General comment: Please look through the text in this textion and get rid of unclarities related to the use of the wordings "unknown" and "abscense of any language information" etc.

Please specify what it means that the lang is unknown. Should the user agent accept that the lang is unknown? Or should it go looking for a language? Note that the last step of the language determination algorithm of the same section says:

]]
 In the absence of any language information, and in cases where the higher-level protocol reports multiple languages, the language of the node is unknown (the empty string).
[[

Should a user agent consider an empty lang="" as "absence of any language information"? Or should it consider that it means that the language is "unknown"? The above sentence should say that the language is "unknown" also when the lang="" attribute is set to the empty string. The user agent should then abort the language detection algorithm and set the language of the node to "unknown".

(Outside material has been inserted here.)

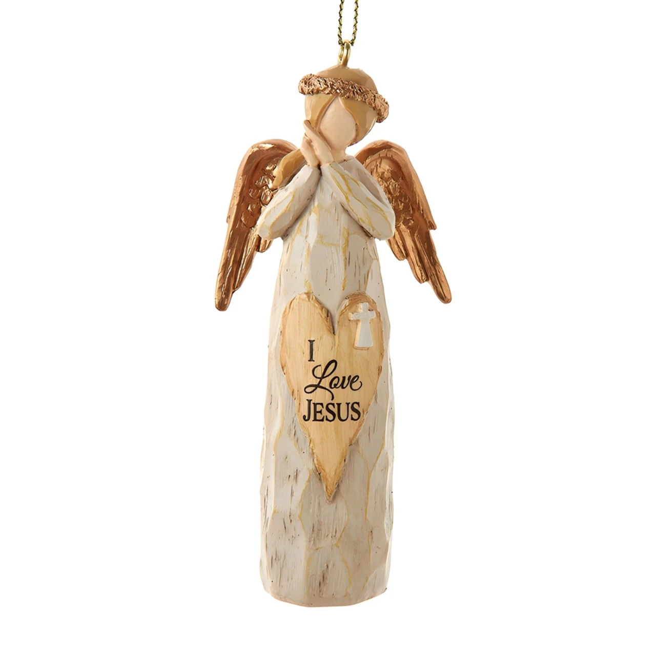 Embrace your faith with the I Love Jesus Angel Ornament, standing at 4 inches and gracing your space with a message of love. Crafted with care from resin, this Kurt Adler A2295 ornament carries a peaceful presence.

Proposal: I think that user agents, internally,  should discern between an empty lang="" that sets the language to "unknown" and "no language information can be found".


Comments in more detail, on the language determination algorithm:

]] To determine the language of a node,  [[

PROBLEM: What is the language of a node *before* the user agent starts looking for its language? Is it "uknown"? If it is "unknown", what should then happen when the user agent detects that the nearest  lang="" attribute contains the empty string? Should it go looking for the next non-empty lang attribute and/or for a content-language header? Or should it stop looking? (Answer: It should stop looking.)

Please make clear(er) what the User Agent should do when the the lang attribute contains the empty string.

]] 
If no explicit language is given for any ancestors of the node, including the root element, but there is a pragma-set default language set, then that is the language of the node.
[[

Comment:  If the @lang attribute is set to the empty string, does this then count as "no explicit language is given"? Or does it mean that a explicit "unknown language" has been set? (I suggest that it should be the latter.)

]]
If there is no pragma-set default language, then language information from a higher-level protocol (such as HTTP), if any, must be used as the final fallback language. In the absence of any language information, and in cases where the higher-level protocol reports multiple languages, the language of the node is unknown (the empty string).
[[

Please make clear that the pragma-set language and/or the higher protocol MUST not be used as fallback language whenever the lang="" attirbute has been set to the empty string. (Currently, Firefox and Safari violate this.) 

I concretely suggest saying something like "then the language of the node is equal to unknown (equal to the empty string)" instead of the current "the language of the node is unknown (the empty string)"

Test case to show that Mozilla and Webkit wrongly ignores a lang="" with the empty string, and instead go looking for the pragma and/or the http header:

 http://software.hixie.ch/utilities/js/live-dom-viewer/saved/406
Comment 2 Ian 'Hixie' Hickson 2010-04-02 00:00:58 UTC
*Please file one bug per issue.*

EDITOR'S RESPONSE: This is an Editor's Response to your comment. If you are satisfied with this response, please change the state of this bug to CLOSED. If you have additional information and would like the editor to reconsider, please file new bugs. If you would like to escalate the issue to the full HTML Working Group, please add the TrackerRequest keyword to this bug, and suggest title and text for the tracker issue; or you may create a tracker issue yourself, if you are able to do so. For more details, see this document:
   http://dev.w3.org/html5/decision-policy/decision-policy.html

Status: Accepted
Change Description: see diff given below
Rationale: I've tried to clarify this section. If it is still unclear, please file a new bug for each unclear bit, please do not reopen this bug.
Comment 3 Ian 'Hixie' Hickson 2010-04-02 00:10:29 UTC
http://html5.org/tools/web-apps-tracker?from=4942&to=4943